Although we have placed emphasis on the potential role of the memory B cell, the thymus is targeted by cladribine [
35] and T cells still harbour elevated DCK levels, compared to other tissues, and are depleted. Furthermore, the action of cladribine may block the antigen presentation function of memory B cells and thus silence the remaining autoreactive T cells, using mechanisms suggested for CD20-depleting antibodies [
4]. Therefore, cladribine may control MS via an action on both T and B lymphocytes, notably as T cell activities are integrally involved in B cell function. However, the importance of memory B cells is consistent with the potential genetic and infectious aetiology of MS [
36]; the pathology that is associated with memory B cell accumulation during attacks [
27,
37], the generation of nerve and oligodendrocyte cytotoxic molecules and ectopic B cell follicle formation [
4,
27,
38]; and importantly the response to effective DMT [
4]. Epstein Barr Virus is believed to be an aetiological trigger of MS and drives the production of memory B cells, which may become relatively T cell-independent, and perhaps more autoimmune prone, due to B the antigen receptor and CD40-signalling mimics created by the virus [
36,
39].
The data presented here indicates that cladribine depletes memory B cells, in addition to T cells, and suggest that memory B cells could possibly be useful targets for the development of new, specific and better tolerated drugs for MS treatment.
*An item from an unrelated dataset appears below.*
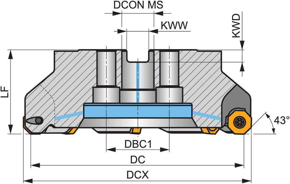 Planfräser mit doppelt negativer Geometrie welche 14 aus ONMX 0605.. · ONMX 0605..-W oder SNMX 1705.. doppelseitige Wendeschneidplatte · Schneiddurchmesser 250mm bis maximal 260,8mm mit 43° Anfahrwinkel und 60mm Bohrung gemäß DIN 8030-C · 63mm funktional und · durchgehende Kühlung und ungleicher Teilung zum Planfräsen und Entgratenmit einer maximalen Schnitttiefe von ON.. 4mm · SN.. 7mm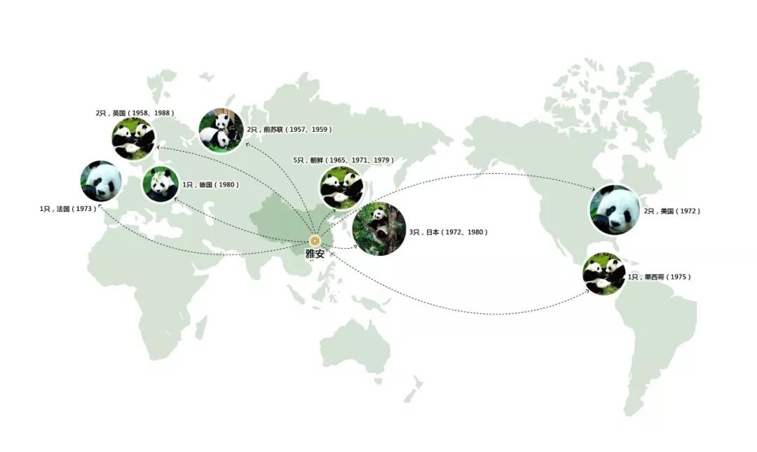 雅安大熊猫“国礼”数量18只,占出国熊猫的2/3以上,全国第一,是大熊猫主要输出地,有“雅安熊猫走天下”之说。

Also, in the shorter term, it is possible that we will be able to improve effectiveness and patient safety by routinely monitoring memory B cell levels. The oral and subcutaneous routes produce cladribine with defined pharmacokinetics that allow bioequivalent doses to be selected [
31]. Our subcutaneous cladribine protocol was originally developed for compassionate use for people without access to treatment, rather than an alternative to the commercial product. As such it has only been administered to PwMS from a few local centres within the UK. This may change as our experience becomes published and neurologists and nurses become comfortable using the oral formulation that has been licensed and is available for use in highly active relapsing MS within the UK and the rest of Europe [
10]. This could lead to the development of treatment options for all people with MS.